В свои 35 лет, являясь свету замужней женщиной и матерью трехмесячного сына, княгиня была осведомлена об устройстве половой жизни мужчин и женщин намного меньше, чем одиннадцатилетняя Атя и даже состоящая у нее в конфидентках Капочка.
– Ох-хо-хонюшки! – вздохнула Настя и принялась, как умела, объяснять.
Глава 30.
В которой Аркадий Арабажин описывает газовую атаку, игру «вшанка» и прочие детали фронтового быта
Война, как хронический, периодически обостряющийся, массовый психоз человечества… Так было у Адама в лекции или я выдумал это сам?
У России в этой войне нет целей, только потери. А может ли вообще быть цель – у войны? Убить «лишних» людей? Когда-то я читал об этом, уже не помню где. Наверняка тот, кто писал, сидел в полутемном кабинете за широким столом с обтянутой кожей поверхностью, смотрел на дрожащий огонек лампы или свечи, на свои высохшие пальцы
К четырнадцатому году все устали от тревожного ожидания. Звали бурю? Звали, не отпирайтесь. И я звал, со всеми. Глас услышан. И вот – явилась война. Теперь что же?
Я – Знахарь. Меня боятся, ненавидят, мною восхищаются. Необыкновенно странно для меня быть объектом такого сильного чувствования. Мой недостаток: я боюсь чувств. Своих и чужих. Любых.
Наверное, поэтому я здесь.
Падает медленный белый снег. По улицам городка под большими черными зонтиками ходят евреи в длинных пальто и черных шляпах. Я никогда не курил, а теперь курю – отсыревшие кисловатые папиросы. Заглядываю в окна, тянет, как гвоздь магнитным камнем, хочется увидеть обычную жизнь. Но ее нет. Впрочем, кое-где, как в мирное время, пылает из-за оконных стекол герань.
Стреляют – далеко или близко – почти непрерывно. При каждом орудийном ударе где-то наверху звякает церковный колокол.
После артподготовки на поле боя часть солдат временно сходит с ума – они бегут и кричат, не разбирая дороги. Иногда их расстреливают свои, как дезертиров. Они не дезертиры, это просто шок – человеческий мозг не приспособлен для современного ведения войны. Приспособится?

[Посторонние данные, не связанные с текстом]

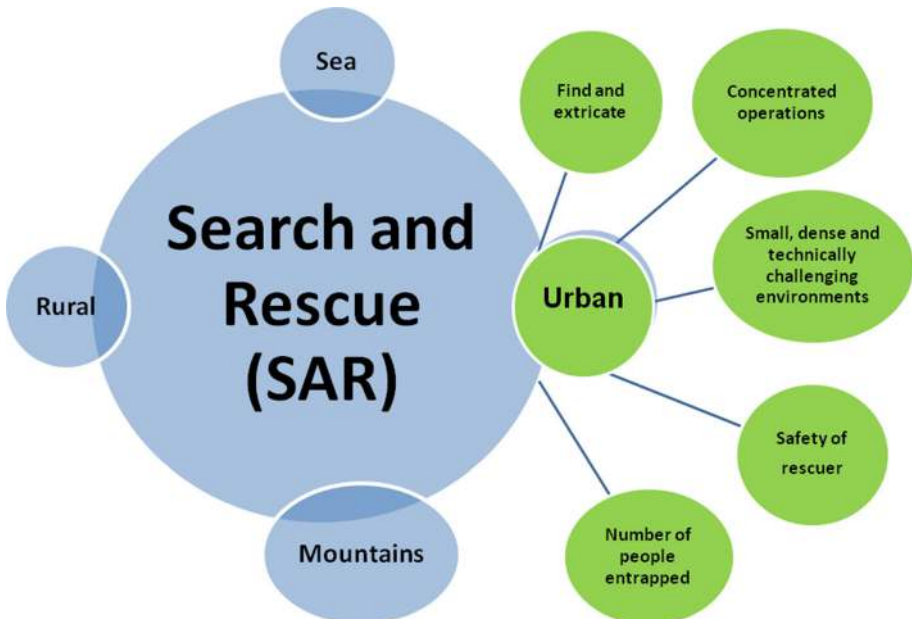
Fig. 1 The different environments of SAR operations and the main characteristics of USAR operations

Nevertheless, despite sustained, often heroic efforts, the relative number of rescued survivors from extended structural collapses remains small (Bartels and VanRooyen 2012). On the other hand, the number of structural collapses due to natural (e.g., Iran, 2003; Indonesia, 2004; Italy, 2009; Haiti, 2010; Japan, 2011), man-made disasters (e.g., Indonesia, 2002) or technological accidents (e.g., Holland, 2000; Russia, 2009; Canada, 2013) is increasing worldwide, raising the death toll of entrapped victims (EM-DAT The OFDA/CRED International Disaster Database 2014; EEA 2010; EERI 2011). To alleviate this,
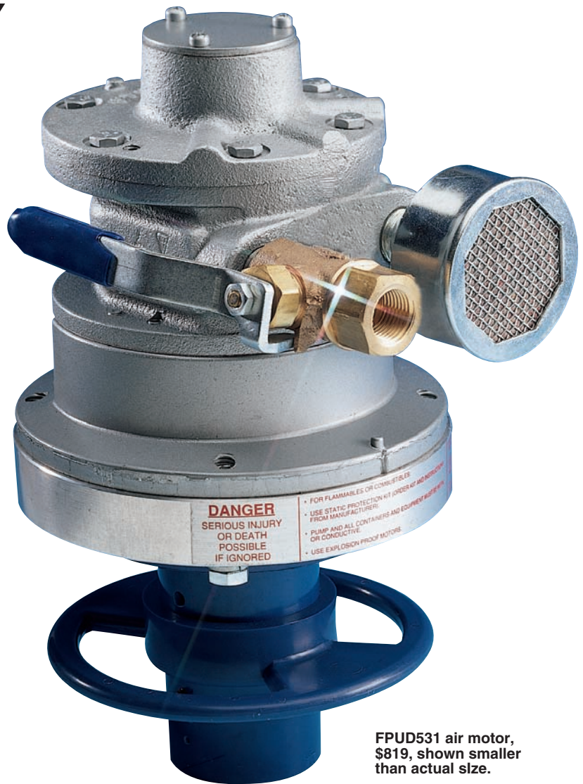
FPUD531 air motor, $819, shown smaller than actual size.

When pumping flammable or combustible materials, or working in explosive environments, use an air motor with a stainless steel tube and FPUD5-SK static protection kit.
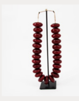
African Amber Beads Large: Maroon (BEAD3) 42cm
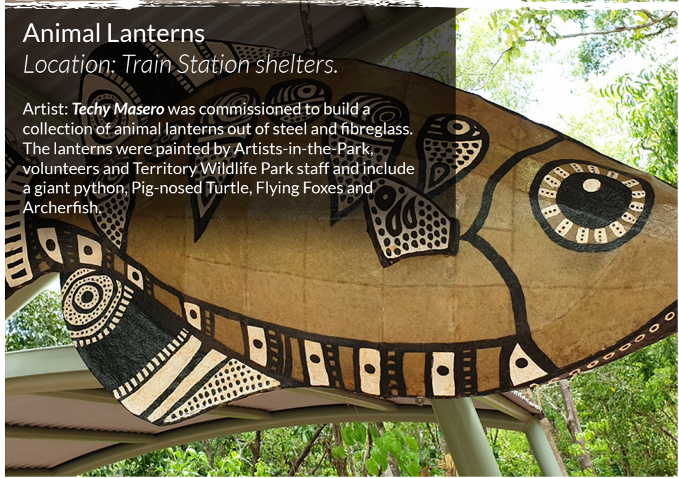
Animal Lanterns Location: Train Station shelters.
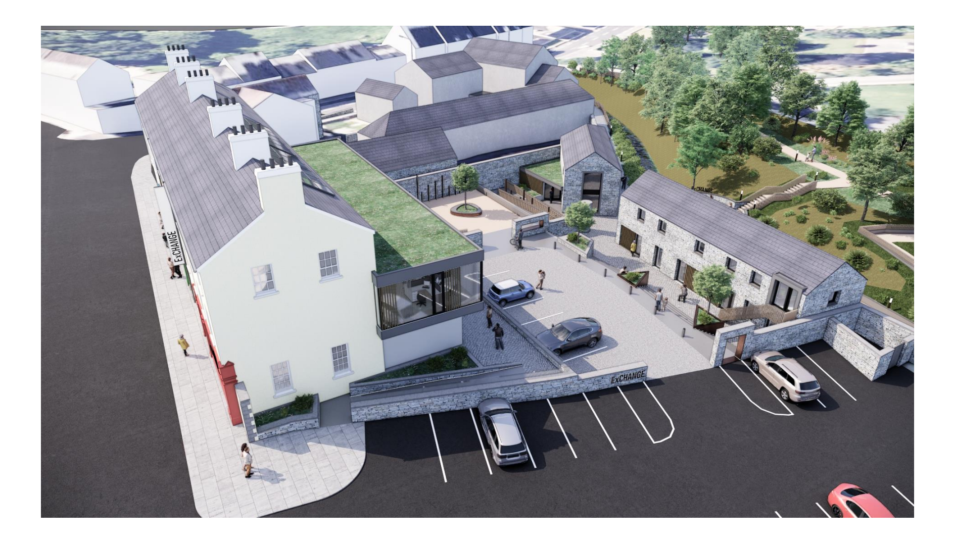
Figure 3. 3D Visual of the Regeneration Project – Aerial View from existing Carpark

3D Visuals Booklet – Drumshanbo Town Centre Regeneration Scheme
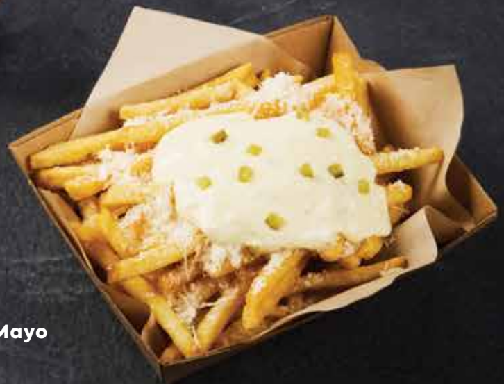
A15 Fries with Sour Mayo $6.50
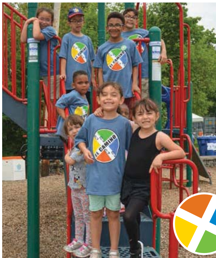
Kids now have a place to play—local children enjoy the state-of-the-art playground maintained by the city and residents.

In 2010, the partners achieved a third milestone when they built a state-of-the-art playground. They worked with IADC’s newly-formed Project HOPE to build a playground surfaced with mulch, planted with bulbs and native flowering trees, and framed by hardscape benches, aided by grants from the Greater Rochester Health Foundation and Rochester Garden Club. GLT and IADC help the City and residents to maintain the playground, a place where local kids can enjoy the outdoors in a safe environment.
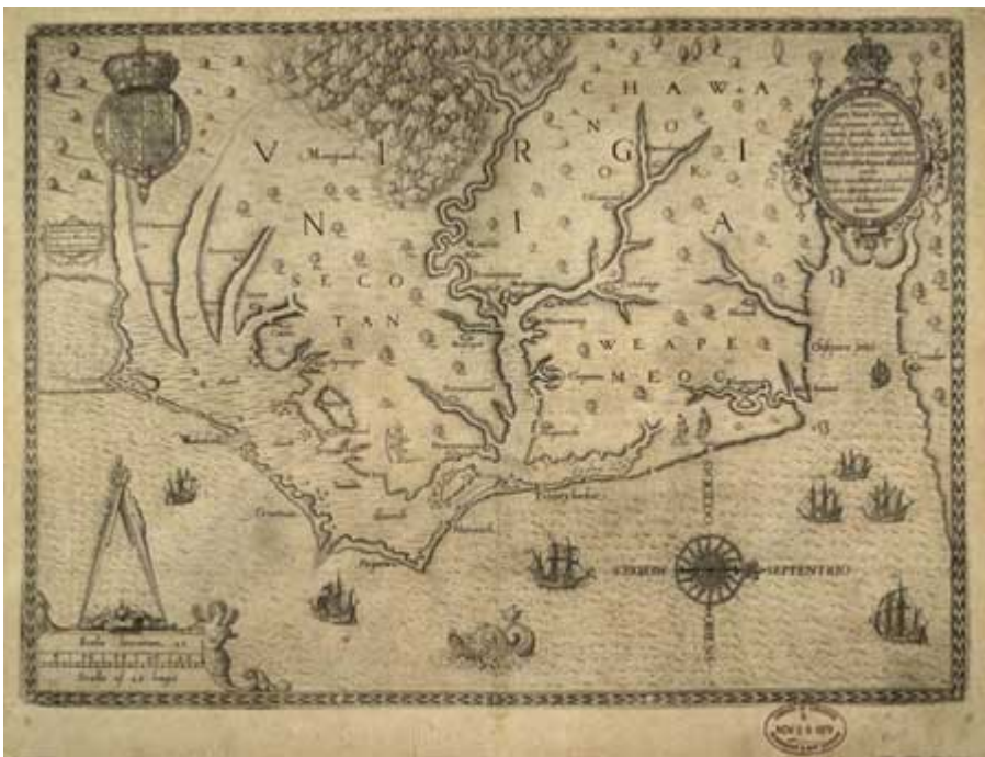
Engraving by Theodor De Bry after John White's drawings, 1590.
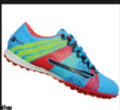
Pullup (Cricket) Sports Shoes
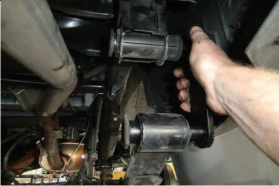
Lower axle and install new shackle bracket
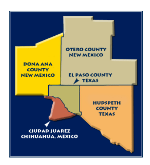
Figure 3 Paso Del Norte Region (<a href="http://www.pdnhf.org/who_we_serve.asp">http://www.pdnhf.org/who_we_serve.asp</a>)

The U.S.-Mexico border covers an area of 2,000 miles, spanning four U.S. and six Mexican states, 48 U.S. and 80 Mexican "municipios," or counties, and extends 100 kilometers (62 miles) from the international boundary, both north into the United States and south into Mexico (Bureau of Primary Health Care, n.d.). Up from six million in 1970, the US-Mexico border area currently has a combined population of approximately 13 million (U.S.-Mexico Border Health Commission, 2003), and is projected to double by the year 2020 (Homedes & Ugalde, 2003). Figure 3 illustrates the Paso del Norte border region.
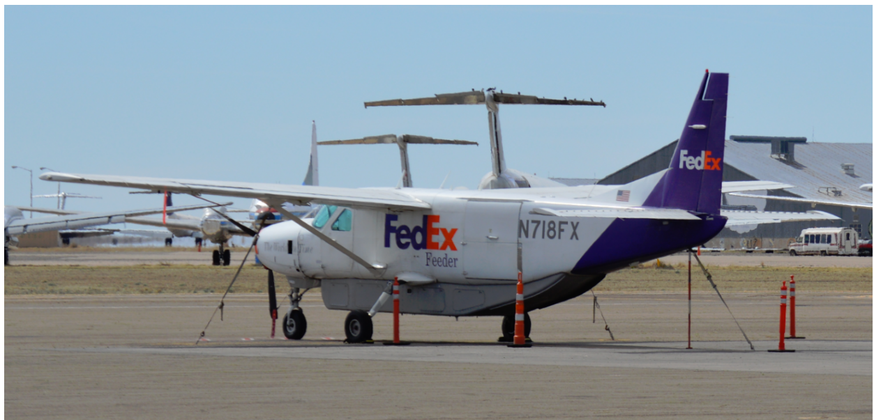
FedEx Feeder Cessna 208B Super Cargomaster operated by Baron Aviation at the Roswell International Air Center prior to discontinuing service in 2022.
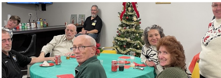
Pics from the festive and fun Knights Christmas Party!
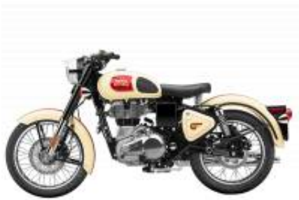
Tan 350 + $0.00
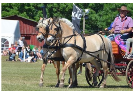
Photo 25. Driving.

This may include rules on what equipment and tack can be used (for example whip and spurs), on training and correction methods during warming-up and competition, on when pregnant mares can no longer compete or race, on use of equipment as a coercive measure, and on illegal substances or methods (doping).
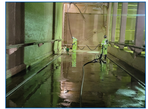
Workers clean out clarifier three after all of the chains have been removed from one section for repair.
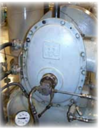
Main Vacuum Pump
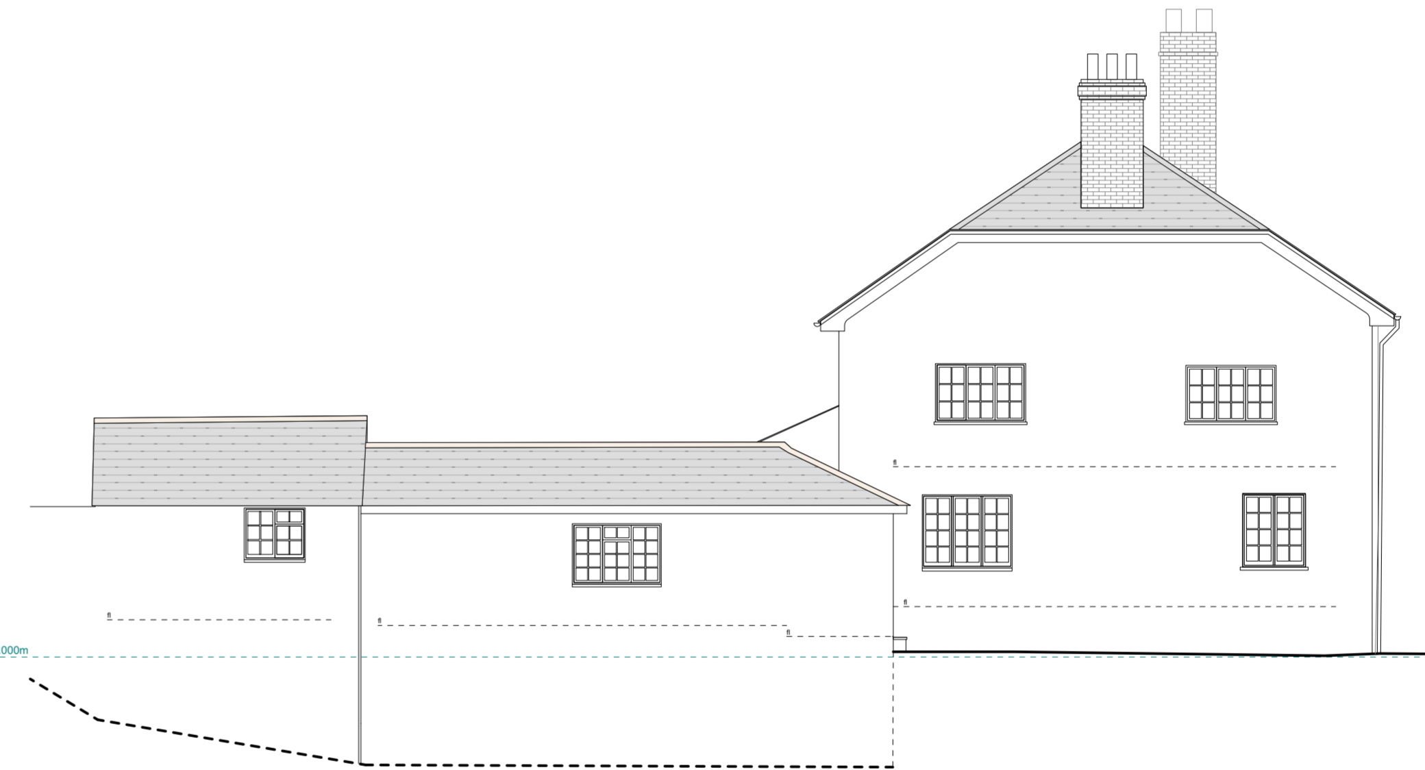
West Elevation 1:100
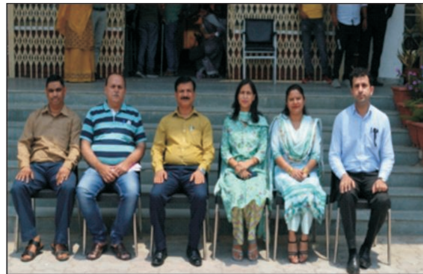
Faculty of BBA
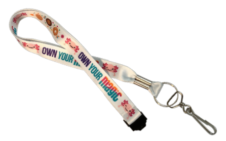
100-149 Packages Lanyard
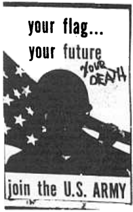
Even the people, the system once categorized as being responsible

Recently there has been an increasing amount of controversy by Afro-Americans regarding the legitimacy of Black military personnel participating in the Viet Nam conflict.
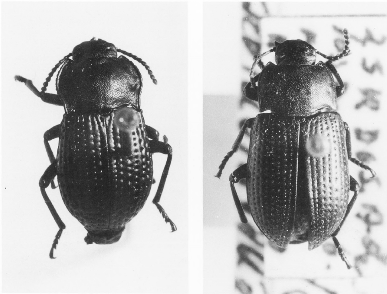
Figure 1. A) Opatrinus armasi n. sp. Paratype, female OHG - 1185, collected 2.5 km from San Antonio de los Baños, La Habana. B) Opatrinus pullus Sahlberg, female OHG - 1195, collected 2.5 km from San Antonio de los Baños, La Habana.

Antenna with hairs in each segment, gradually enlarged toward the terminal segment which is the widest; the second segment largest, the third segment a bit smaller, but longer than the rest.
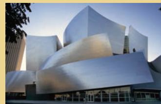
Walt Disney Concert Hall

Los Angeles is the only city in North America to have hosted the Summer Olympics twice. Downtown LA is the largest government center outside of Washington, D.C. Los Angeles has the only remaining wooden lighthouse in the state and the largest historical theater district on the National Register of Historic Places.
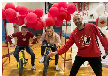
On your marks ...
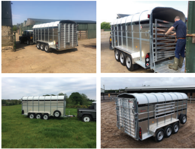
Tri axles are optional on 12 and 14 foot models and offer extra stability. Aluminium mudguards are standard on all tri-axle models.
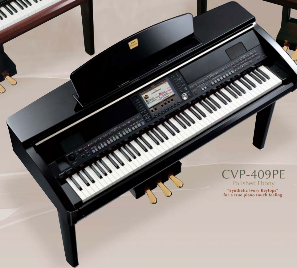
CVP-409PE Polished Ebony "Synthetic Ivory Keytops" for a true piano touch feeling.
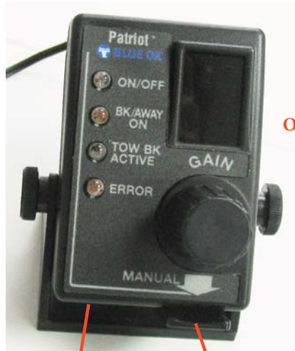
RF Remote Unit
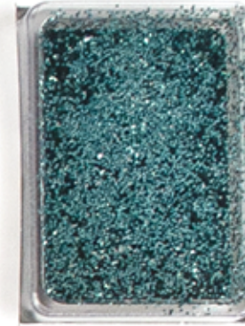
2510A-5477-L Dark Green

Окопы часто роются наспех. Удержим ли эту позицию? Отступление вызывает злость и желание отомстить врагу только вначале, потом – тупая апатия. Колючая проволока в больших мотках лежит на земле. Все смертельно хотят спать. Я тоже. Интуиция? Какие-то смутные, не вышедшие в сознание наблюдения и обобщения, когда уже в сумерках я осматривал в трофейный бинокль позиции немцев? Я заставляю солдат моего взвода собрать хворост, сложить его большими кучами, придавить крест накрест столбами, приготовленными саперами для опор ограждений. Рядом кладем подгнившую солому с разрушенной кровли, обливаем ее водой из вонючего полупересохшего болотца. Солдаты, ворча, подчиняются. Если Знахарь говорит, значит, надо делать. Иначе – себе дороже. Справа и слева от нас все уже спят в окопах и землянках. Прапорщикам Галиулину и Мануйлову по 22 года. Бородатые солдаты называют их «внучками» и воруют у них папиросы и конфеты. Галиулин уже почти полтора года на фронте. У него четыре ордена, два ранения и одна реактивная психопатия. Иногда ночью он выскакивает из землянки в одном белье и начинает из пистолета палить в небо, видя там несуществующие самолеты. Тогда ординарец или кто-то из подвернувшихся солдат обливают его грязной водой из ведра и плотно заворачивают в одеяло. Галиулин стихает, а утром помнит все так, как будто видел фильму в синематографе. Его давно надо отправить в тыл и лечить. Я мог бы это устроить. Галиулин угощает меня консервами и папиросами из офицерского пайка и почти униженно умоляет этого не делать: он уверен, что жить в тылу уже не сможет. Кажется, он прав. Сколько таких Галиулиных по обе стороны фронта?
Численность только русской армии чудовищна. 15 миллионов мобилизованных!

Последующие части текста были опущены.